I want to save an extra $100 per month, should I contribute to my 403(b) or an IRA?
This is an excellent and common question. First, let’s clarify that a 403(b) is similar to a 401(k) except that they’re typically for non-profit or government workers. They allow the employee to save before tax dollars that will grow tax free until they are withdrawn after age 59 1/2. They are also unlikely to have a matching component since the employee may also have a pension.

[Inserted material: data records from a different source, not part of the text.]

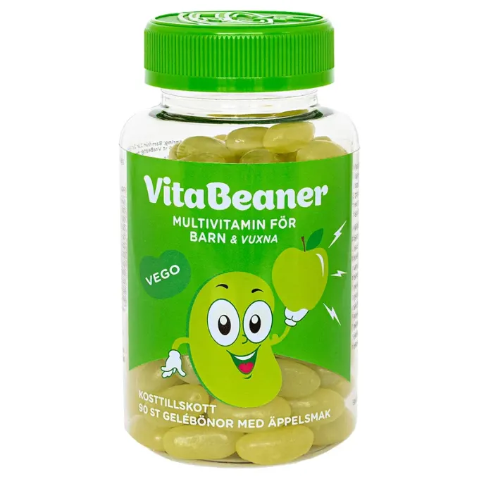 VitaBeaner Multivitamin Äpple Gelébönor är en vegetariskt multivitamin med smak av äpple för barn. Tuggisar med 12 olika vitaminer och mineraler, innehåller bland annat vitamin A, D, E och B12 samt biotin och zink. Smaksatt med naturliga aromämnen och färgämnen i en vegetarisk sammansättning fri från gelatin. God smak för både vuxna och barn. 90st
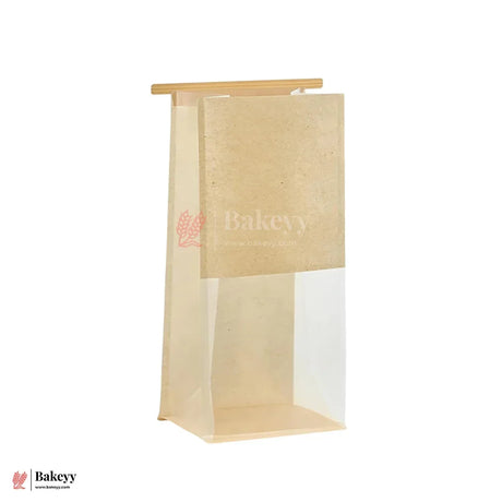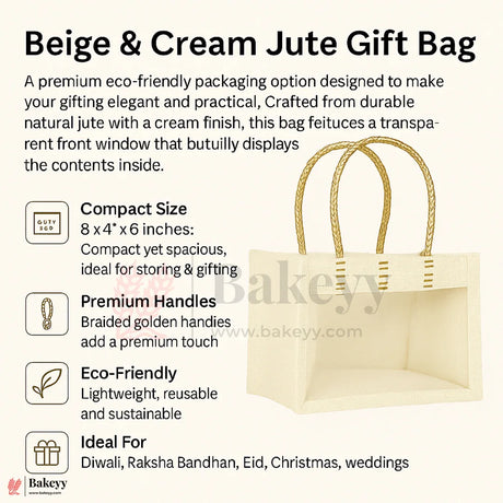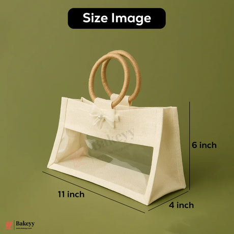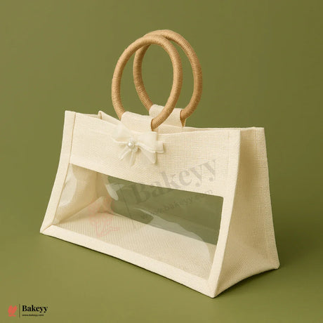 22x10.5x15 cm Beige & Cream Jute Gift Bag with Transparent Window & Round Handles Pack Of 1
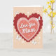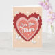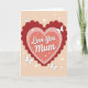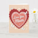 This greeting card shows a layered heart design centered on a soft peach background. A deep crimson outer heart with a scalloped edge frames a rose-pink heart, and inside that sits a coral heart. In the middle, the words “Love You Mum” appear in white cursive lettering, placed right at the center, with a slight shadow that helps it stand out. Four small white butterflies float around the heart, their wings open as if they’re gently circling it. Faint white and pale pink dots are scattered in the background like light confetti, adding a calm, happy feel without being too much. The warm reds and pinks make it feel caring and close, like a simple thank-you for steady love and support. It’s an easy card to give when you want to say “I care about you” in a way that feels honest 🥰❤️. Wishing you a lovely time sharing Valentine’s Day feelings with the people you love.
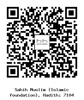৭১০৪। আলী ইবনু হুজর সা’দী ও ইসহাক ইবনু ইবরাহীম (রহঃ) ... রিবঈ ইবনু হিরাশ (রহঃ) থেকে বর্ণিত। তিনি বলেন, একদা হুযায়ফা ও আবূ মাসউদ (রাঃ) একত্রিত হলেন। তখন হুযায়ফা (রাঃ) বললেন, দাজ্জালের সাথে যা থাকবে এ সম্পর্কে আমি তার থেকে অধিক জ্ঞাত। তার সাথে একটি পানির নহর এবং একটি আগুনের নহর থাকবে। যেটাকে তোমরা আগুন রূপে দেখতে পাবে সেটাই (হবে) পানি। আর যেটাকে তোমরা পানি (রূপে) দেখবে সেটাই হবে আগুন। তোমাদের কেউ যদি এ সময়কাল পায় এবং সে পানি পান করার ইচ্ছা করে তবে সে যেন যা সে আগুন রূপে দেখতে পাবে তা থেকে পান করে। কেননা এখানেই সে পানি পাবে। বর্ণনাকারী আবূ মাসউদ (রাঃ) বলেন, আমিও নবী সাল্লাল্লাহু আলাইহি ওয়াসাল্লাম কে এরূপ বলতে শুনেছি।
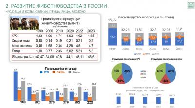 Однако, говоря о проделанной работе, мне бы хотелось подчеркнуть несколько ключевых моментов, которые требуют дальнейшего внимания и корректировки. Один из таких вопросов касается продовольственной безопасности, а именно молочного животноводства. Мы видим, что в сельскохозяйственных организациях удалось добиться хороших показателей по продуктивности — надои на одну фуражную корову составили 7,9 тысяч литров молока, что является достойным результатом. Однако, если мы посмотрим на валовое производство молока и его перспективы, становится очевидным, что необходима пахота в этой области.

For the sake of answering this question, we’ll assume you have a pension and there’s no match on the 403(b). There are different types of IRAs, so if you don’t earn too much to disqualify you for a Roth IRA (your Modified Adjusted Gross Income is less than $139,000), that would be your best option for an IRA.
So which is better?
To start, if you have a pension and you’re looking to save more beyond that, you’ve made a very smart decision. Saving beyond your pension is the key to a secure retirement. Both options are good and will provide you with tax-deferred growth but I recommend the Roth IRA. The Roth IRA is funded with after tax dollars which means the money will be tax-free when withdrawn after age 59 1/2. This is significant because your pension will likely be taxed (though it varies at the state level) and having money in the Roth IRA will give you levers to pull to keep your retirement income under certain tax thresholds. There are also more investment options available with an IRA.
Go big
The maximum annual contribution for a Roth IRA is $6,000, or $7,000 if you’re over 50. So if you’re able to increase your contribution beyond $100 per month, there’s room to do so while still using the Roth. If you reach the Roth limit, then anything you can save above and beyond that amount can go into the 403(b). The only thing better than having a pension and a Roth IRA is to have a pension, Roth and 403(b)!